Botanica is a Python-based framework designed to help journalists, newsrooms and data enthusiasts build and manage their data pipelines, or bots. It simplifies the data collection by offering a structured, template-driven ecosystem for:
- Developing and organizing multiple data scrapers.
- Automating scraper execution using GitHub Actions for scheduled tasks.
- Streamlining data uploads to cloud storage (e.g., AWS S3).
- Maintaining a version-controlled and shareable collection of bots.
Botanica aims to lower the technical barriers to creating robust, automated data gathering workflows. Note: This is a new project and a work in progress.
Botanica is designed to be used as a GitHub template. This allows you to quickly create your own repository pre-configured with the Botanica framework, ready for you to add your custom bots.
To get started:
- Click the "Use this template" button located at the top of the Botanica GitHub repository page.
- Choose "Create a new repository".
- Give your new repository a name (e.g.,
my-botanica-scrapers
). - Choose whether to include all branches (usually just the main branch is needed).
- Click "Create repository from template".
You will now have your own copy of Botanica in your GitHub account.
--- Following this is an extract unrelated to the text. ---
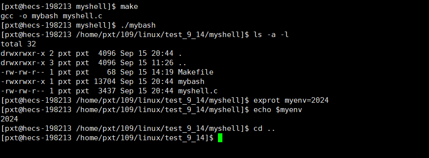 讯享网int main(){// shell是一个一直循环的程序while(1){char usercommand[NUM];char *argv[SIZE];// 获取输入int n = getUserCommand(usercommand, sizeof(usercommand));// 当获取输入时,返回一个小于0的数时,我们直接continue返回,不用往下继续走了if(n <= 0) continue;// 分割字符串 (strtok)commandSplit(usercommand, argv);// check Buildinn = doBuildin(argv);// 一般内建命令不会出错if(n) continue;// 执行命令execute(argv);}return 0;}

You can then clone it to your local machine and follow the steps below to create and deploy your bots.
- Unified system: Manage all your scraper projects in one place without needing separate repositories.
- Automated scheduling: Use GitHub Actions to run tasks on a regular basis, from hourly to daily updates.
- Cloud integration: Easily upload processed data to AWS S3 or other cloud services.
- Modular design: Each scraper is self-contained, allowing for easy addition, removal or modification.
- Secure handling: Sensitive information like API keys and credentials are securely managed through GitHub Secrets.
- Flexible and scalable: Easily extend Botanica with new scrapers, configurations and data workflows.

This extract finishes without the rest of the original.